> _TASK DESCRIPTION_
Could you retype, exactly and with no pictures, only the lines from the first line of the records below through the line that contains "- Week 2: Review"?

□ □ □ □ □ □ □

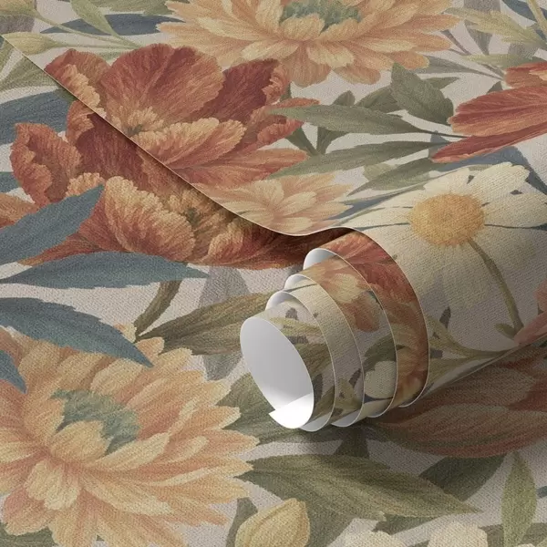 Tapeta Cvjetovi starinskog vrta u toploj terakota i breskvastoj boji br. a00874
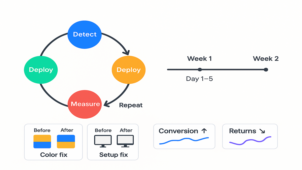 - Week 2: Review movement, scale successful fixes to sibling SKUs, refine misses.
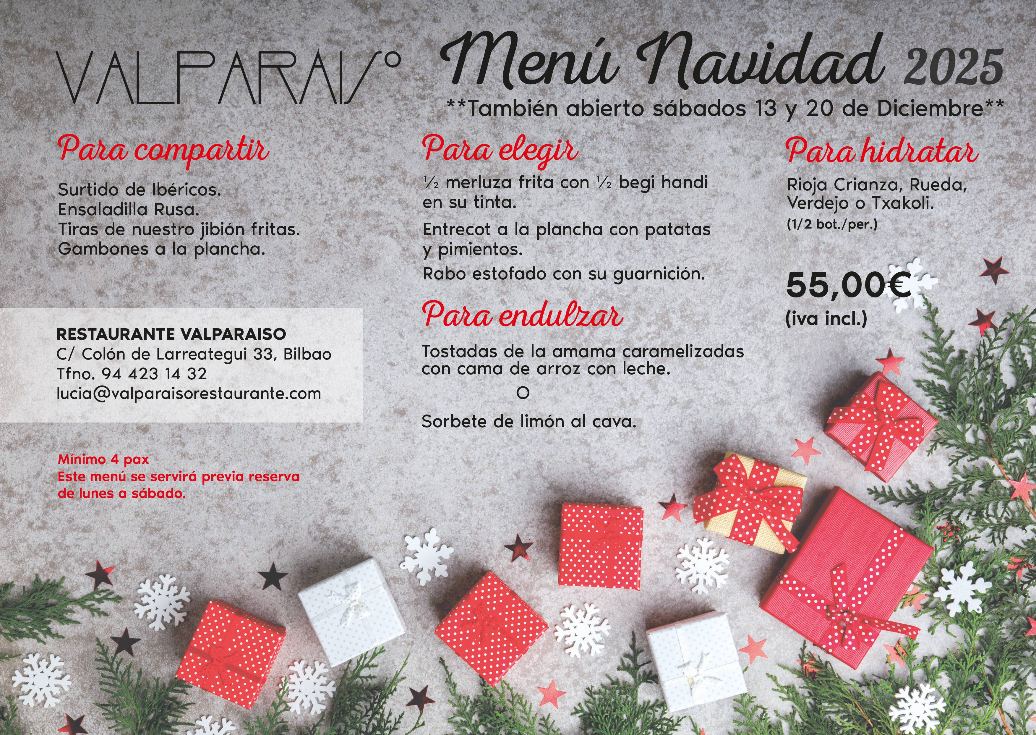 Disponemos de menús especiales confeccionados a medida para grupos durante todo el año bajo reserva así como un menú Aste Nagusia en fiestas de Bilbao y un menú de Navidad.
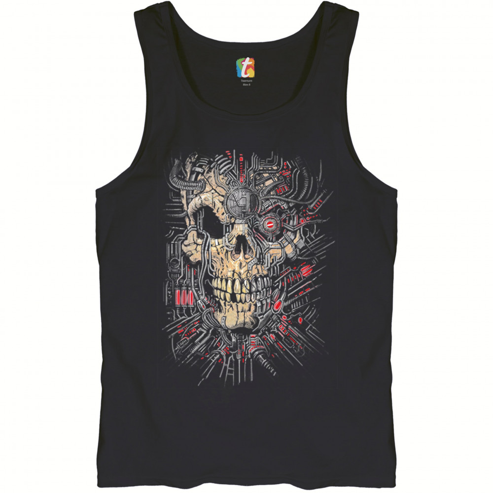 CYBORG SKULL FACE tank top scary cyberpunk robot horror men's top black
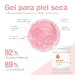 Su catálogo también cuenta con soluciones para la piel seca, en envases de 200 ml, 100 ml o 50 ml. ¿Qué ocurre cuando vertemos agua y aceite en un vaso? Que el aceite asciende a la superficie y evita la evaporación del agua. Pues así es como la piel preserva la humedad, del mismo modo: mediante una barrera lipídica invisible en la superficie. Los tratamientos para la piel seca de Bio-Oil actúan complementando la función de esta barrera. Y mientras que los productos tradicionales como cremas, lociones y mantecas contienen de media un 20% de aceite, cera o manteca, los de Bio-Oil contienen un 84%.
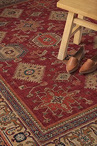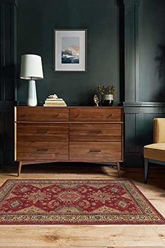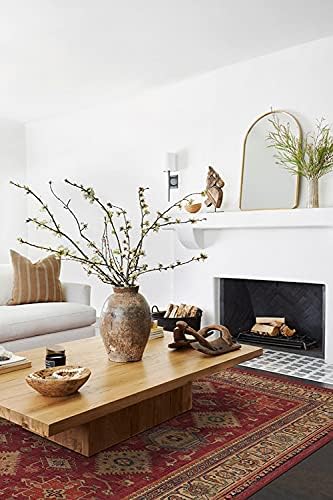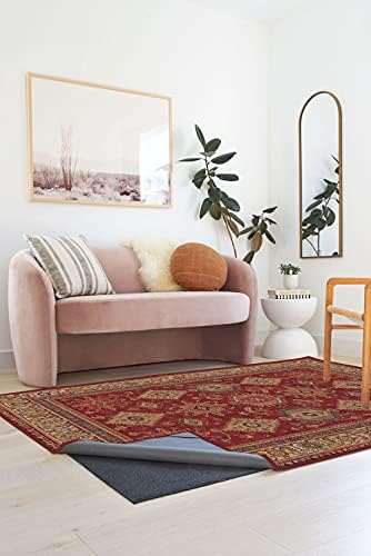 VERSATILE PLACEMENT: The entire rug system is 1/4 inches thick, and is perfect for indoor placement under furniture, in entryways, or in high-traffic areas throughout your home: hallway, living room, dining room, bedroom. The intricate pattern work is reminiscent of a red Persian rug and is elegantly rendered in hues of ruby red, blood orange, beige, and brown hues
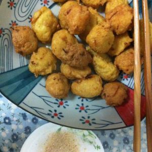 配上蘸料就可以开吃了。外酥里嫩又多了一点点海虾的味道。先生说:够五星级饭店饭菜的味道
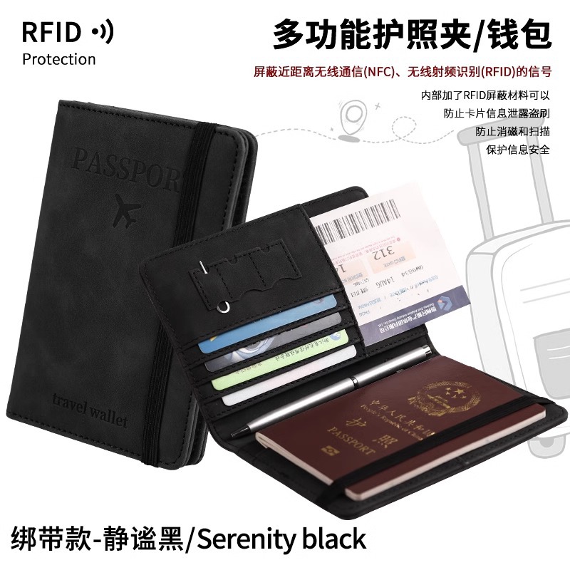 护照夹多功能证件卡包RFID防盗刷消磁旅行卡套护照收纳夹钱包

□ □ □ □ □ □ □

> _TASK SOLUTION_
 Tapeta Cvjetovi starinskog vrta u toploj terakota i breskvastoj boji br. a00874
 - Week 2: Review movement, scale successful fixes to sibling SKUs, refine misses.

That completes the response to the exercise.